She walked alongside Charlie and grasped his arm, pulling him away from the thoroughfare. “We need to keep to the back streets and alleys. Remember what I said about protecting Hagellan.”
“How could I forget? You want me to save his ass for the cost of mine. I’ll ask again, did you witness recent history? Because if you did, you should have more understanding.”
Aimee tutted and brushed her long silky brown hair over her shoulder. “I’ve witnessed more history than you’ll ever know. Plantations in the New World, prerevolution France and the Ottoman Empire near the height of its powers. They put me in stasis, then transferred me to the vessel you’ve just seen. Since coming back into the world, I’ve worked hard to form the safe community you see.”
“Very impressive. But I’m more concerned about the future.”
Aimee dug her nails into Charlie’s bicep. “If you are, you’ll help with the plan.”
Charlie sighed. Aimee had no idea about his current mental battle. He knew she spoke the truth, and the right course of action seemed obvious. But she hadn’t spent years fighting aliens or lost loved ones during the attack. He just couldn’t bring himself to agree with their proposal. Not yet.
Aimee dropped back, and the smaller croatoan bounced with a loping gait to his side. Charlie pointed to a painted sign over the entrance of a bar. “No croatoans. Are you living in unity or denial?”
“Fool,” the alien croaked.
The alien prompted Charlie left. They cut down a narrow back alley barely more than a meter wide. Houses backed around the edge, giving the place a dirty claustrophobic feel. A few buckets filled with human waste sat outside rear entrances.
A few animal hides hung across the alley, drying in the sun. Charlie ducked and swiped his way underneath one. Ten meters in front of him, a man with a gray beard sat on the steps outside a property. He glanced at Charlie and straightened.
The man slowly reached by his side. Something about him didn’t seem right. The look in his eye, his cautious movement… Perhaps he wasn’t used to strangers walking down his alley. Behind him, Aimee and Baliska brushed the hide to one side and approached.
Charlie glimpsed movement behind them before the hide dropped. Somebody exited a house and pressed against a wall. He crouched down to get a better look.
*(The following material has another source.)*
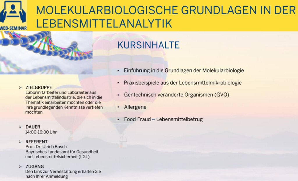 Molekularbiologische Grundlagen in der Lebensmittelanalytik (WEB051026N) **NEU**

Two sets of feet coming up the alley.
“What are you doing?” Aimee said.
The croatoan jabbed its rifle into Charlie’s side. “Move.”
“We’re being followed.”
“Now,” an unfamiliar voice shouted.
The hide flew to one side and two men appeared just a few meters away. One with a short sword, the other held a baseball bat with nails hammered through the end.
Footsteps slapped across the dirt behind him. Charlie jumped back against a wall. The man with a gray beard leapt at the smaller croatoan and plunged a hunting knife into its eye before quickly sawing the tubes running from its nose with the serrated edge of his blade.
The alien clutched its throat, wheezed, and sank to its knees.
The man pointed his knife at Charlie. “You. Monk. Run. We only want the woman.”
Charlie had to make a quick decision. He had his chance to escape. Unity would probably hunt him, but he had evaded his enemy for years. He could find Denver, the others. The image of Earth exploding in a huge ball of flames flashed through his mind. Charlie had a responsibility, whether he liked it or not.
He kept focused on the attacker and hunched. The old man stood opposite Charlie in an open-legged stance, rocking from side to side, exchanging his weight from one foot to the other, and circling his knife.
Baliska roared behind him. Charlie heard the swish of the alien’s sword. It thudded against something wooden, like an axe burying into a tree stump.
“You’ve got no dog in this hunt,” the old man said to Charlie. “I’ll give you two seconds to move.”
Aimee scuttled behind Charlie. Baliska forced the other two men back down the alley with looping, rapid swings of his sword.
Charlie reached for a metal bucket of waste by a door and grabbed the handle. “I’ll give you two seconds to run.”
“It’s your funeral,” the old man replied. He lunged forward, thrusting the knife toward Charlie’s chest.
Charlie swerved to his left and threw the contents of the bucket in the man’s face, splattering him with waste.
The old man frantically wiped at his eyes. Charlie backhanded the bucket into the side of the man’s head, knocking him to the side.
Baliska had successfully beaten one man back and hacked in his direction. The other lay in the alley with a deep wound in his neck. Charlie positioned himself between Aimee and the old man again. “Give it up. You’re not going to win this.”
The old man edged back. His hunting knife shook in his hand. Charlie raised the bucket over his head and stepped forward.
“Kill him, Charlie,” Aimee said, her voice cold.
Charlie hesitated.
The old man took the opportunity to run. He stumbled along the alley, banging into walls as he groggily fled. At the end of the alley he turned left and disappeared.